Segment Open

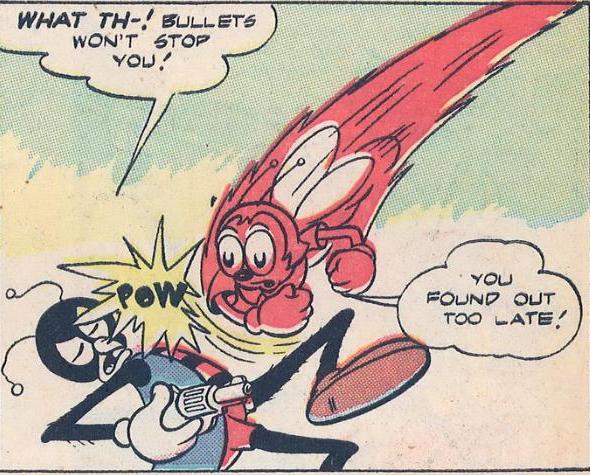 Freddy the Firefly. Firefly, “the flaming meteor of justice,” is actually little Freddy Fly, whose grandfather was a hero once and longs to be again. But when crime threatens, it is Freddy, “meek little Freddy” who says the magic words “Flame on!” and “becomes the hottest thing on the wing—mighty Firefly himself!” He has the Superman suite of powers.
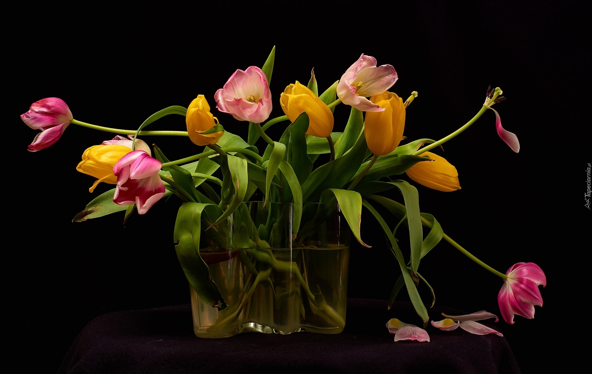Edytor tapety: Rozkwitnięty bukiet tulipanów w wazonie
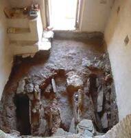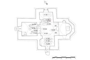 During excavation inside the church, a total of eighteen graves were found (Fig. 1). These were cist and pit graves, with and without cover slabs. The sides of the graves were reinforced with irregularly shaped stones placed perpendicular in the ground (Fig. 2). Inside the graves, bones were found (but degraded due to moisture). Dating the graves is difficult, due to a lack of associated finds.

Segment Closed
Segment Open

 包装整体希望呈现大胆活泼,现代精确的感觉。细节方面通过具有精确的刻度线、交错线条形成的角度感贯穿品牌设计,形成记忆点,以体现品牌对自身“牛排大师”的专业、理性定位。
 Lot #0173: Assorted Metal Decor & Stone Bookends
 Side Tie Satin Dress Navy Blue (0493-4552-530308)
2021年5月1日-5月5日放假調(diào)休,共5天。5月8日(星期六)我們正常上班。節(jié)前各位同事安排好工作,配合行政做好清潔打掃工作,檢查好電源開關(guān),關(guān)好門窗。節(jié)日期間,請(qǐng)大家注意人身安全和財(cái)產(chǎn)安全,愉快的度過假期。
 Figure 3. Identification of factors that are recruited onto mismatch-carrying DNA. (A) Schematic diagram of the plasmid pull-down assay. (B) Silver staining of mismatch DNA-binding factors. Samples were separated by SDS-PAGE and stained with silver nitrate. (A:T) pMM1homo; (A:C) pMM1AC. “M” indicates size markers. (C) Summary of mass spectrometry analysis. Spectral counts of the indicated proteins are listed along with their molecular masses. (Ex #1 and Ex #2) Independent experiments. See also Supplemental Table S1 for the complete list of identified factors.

Segment Closed

### What this task involves:
The expected output is the lines above from the one containing "Edytor tapety: Rozkwitnięty" to the one containing "During excavation inside", both ends included, reproduced exactly with every picture left out.

### Result of this exercise:
Edytor tapety: Rozkwitnięty bukiet tulipanów w wazonie
 During excavation inside the church, a total of eighteen graves were found (Fig. 1). These were cist and pit graves, with and without cover slabs. The sides of the graves were reinforced with irregularly shaped stones placed perpendicular in the ground (Fig. 2). Inside the graves, bones were found (but degraded due to moisture). Dating the graves is difficult, due to a lack of associated finds.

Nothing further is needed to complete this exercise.